Механизм пространства - Генри Олди
Шрифт:
Интервал:
Закладка:
Пока готовилась встреча, Шевалье по средам и субботам заходил в «Путеводную звезду»: справиться о ходе дела. И каждый раз, выясняя, что свидание откладывается, нервничал все больше. Мрачнел, замыкался; кипел от подозрений. Даже обвинил Торвена в чем-то плохо понятном, но непростительном – то ли саботаже, то ли заговоре. Молодой человек вызывал у Зануды симпатию, но ждать «мсье социалист» не умел категорически.
Его волнение странным образом передалось Торвену. Началась бессонница, возникла раздражительность. У гостиницы мерещились соглядатаи. В любом прохожем виделся шпик. Кто ж его знал, что все кончится покупкой пистолетов?

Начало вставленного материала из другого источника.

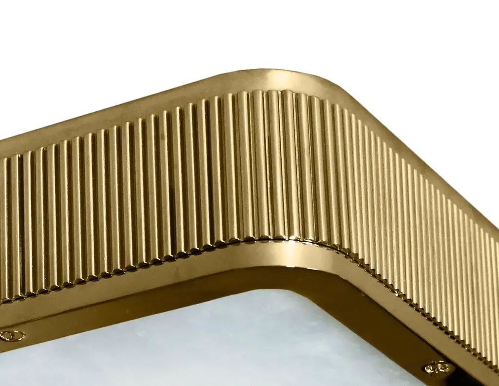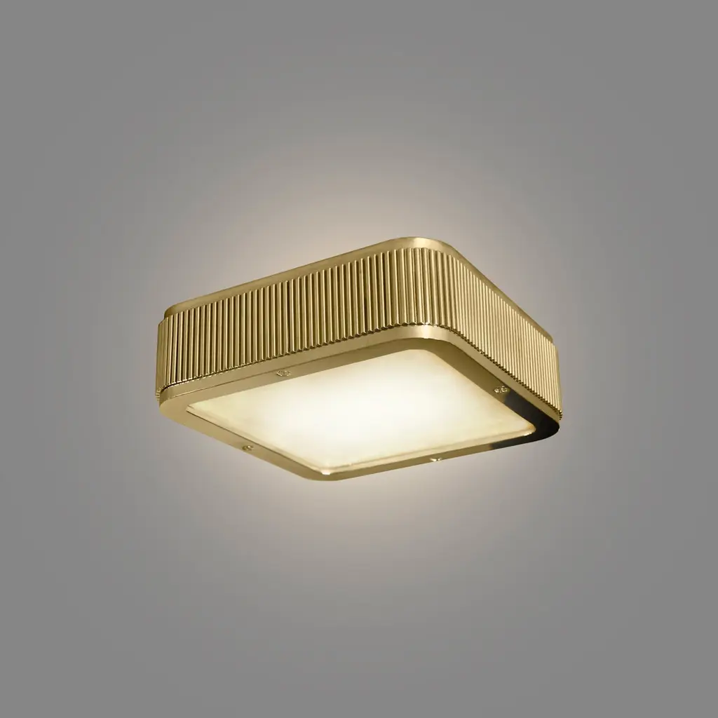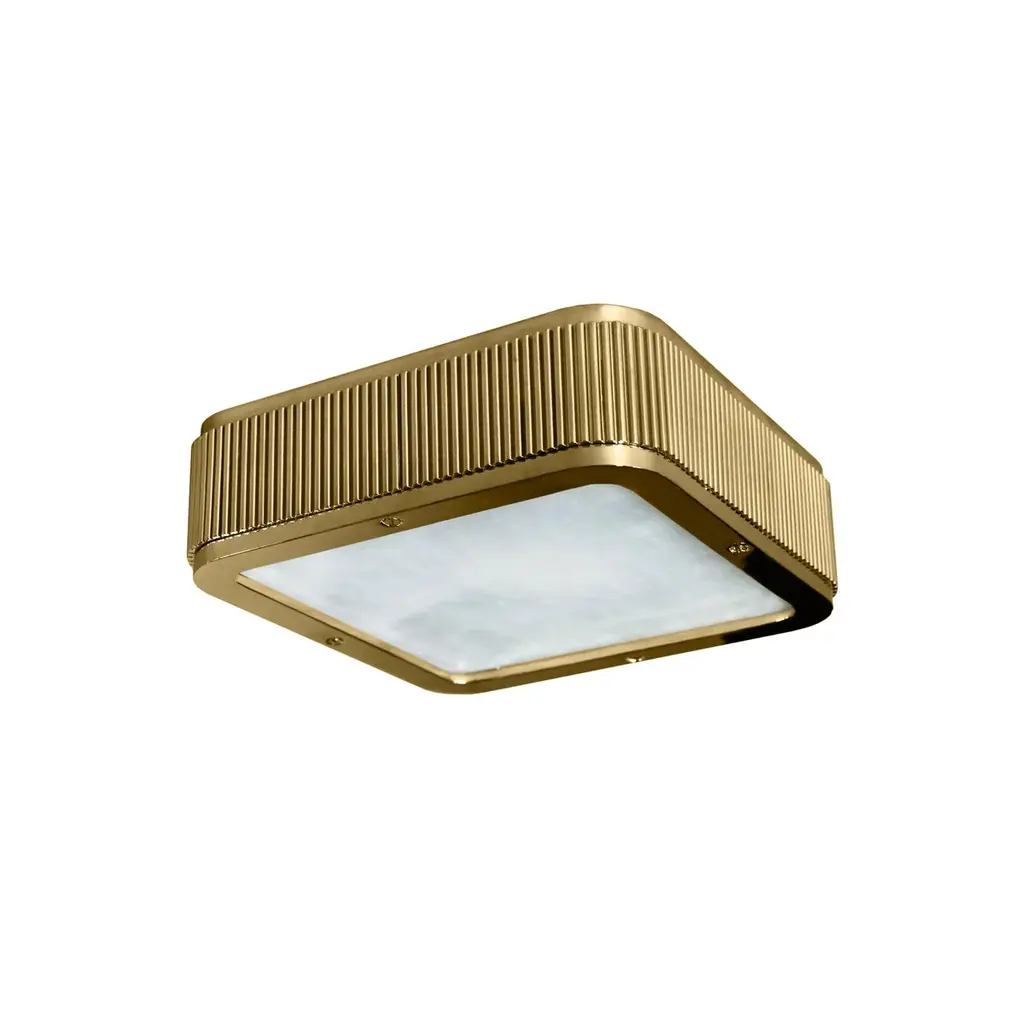 BSO8 flush mount with rock crystal panel, polished brass frame. Created by Phoenix.Custom size and finish upon request.Three E12 sockets installed, 180w total.Please message to check availability. The standard lead time is 5-6 weeks.
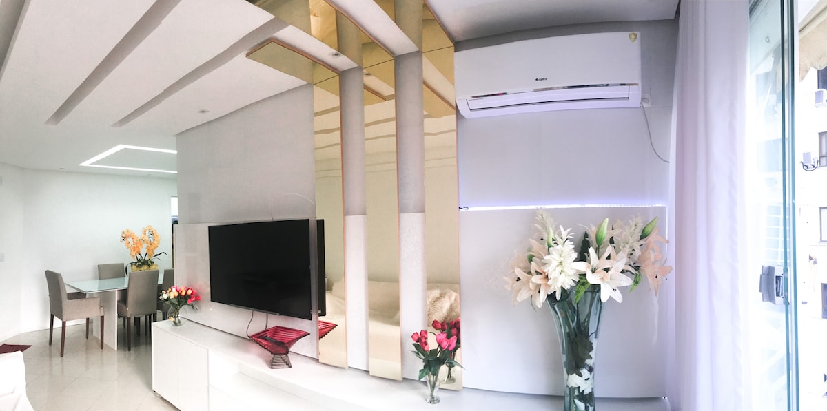 Studio yang elegan dan selesa di bangunan dengan struktur hotel: kolam renang dengan pemandangan panorama, gimnasium, penjaga pintu 24 jam dan banyak lagi. Persekitaran berhawa dingin, dengan katil kelamin, Wi-Fi, TV, dapur kecil yang dilengkapi dengan ketuhar gelombang mikro, peti sejuk, mesin pembuat kopi, pengisar, mesin pembuat sandwic dan dapur gas. Terletak di kawasan bangsawan Salvador, berhampiran pusat membeli-belah, restoran, pusat membeli-belah dan dengan akses mudah ke jalan utama. Sesuai untuk mereka yang mencari keselesaan, kepraktisan dan gaya dalam setiap perincian.
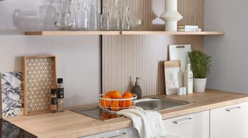 Die Nischenverkleidung Oak Line in hell eichfarbener Optik sowie Steckboarde und Arbeitsplatte in Eiche Montreal-Nachbildung setzen einen warmen, natürlichen Kontrast. So entsteht ein harmonisches Zusammenspiel aus moderner Hochglanz-Ästhetik und wohnlicher Holzoptik.

Перо замерло в воздухе, ожидая продолжения. Заточенное, раздвоенное, как жало змеи, острие повисло над словом «Опасно». Дрогнуло, провело длинную черту; заскользило вновь – ниже обозначенной границы.
«Николя Леонар Сади Карно…»
Главное поручение Королевского научного общества, приведшее датчанина в Париж, тоже вначале казалось простым. Торвен вздохнул. Пора выводить новый физический закон делопроизводства: «Дела при прочих равных условиях идут по пути наибольшего сопротивления».
Увы!
«…сын Лазара Карно – якобинца, цареубийцы, вел. математика. Капитан фр. армии, весной 1832 г. вернулся на действит. службу. Инженер. Характер раб. секретн. Хорош. знаком. Тьера, кот. помог К. вернуться в армию…»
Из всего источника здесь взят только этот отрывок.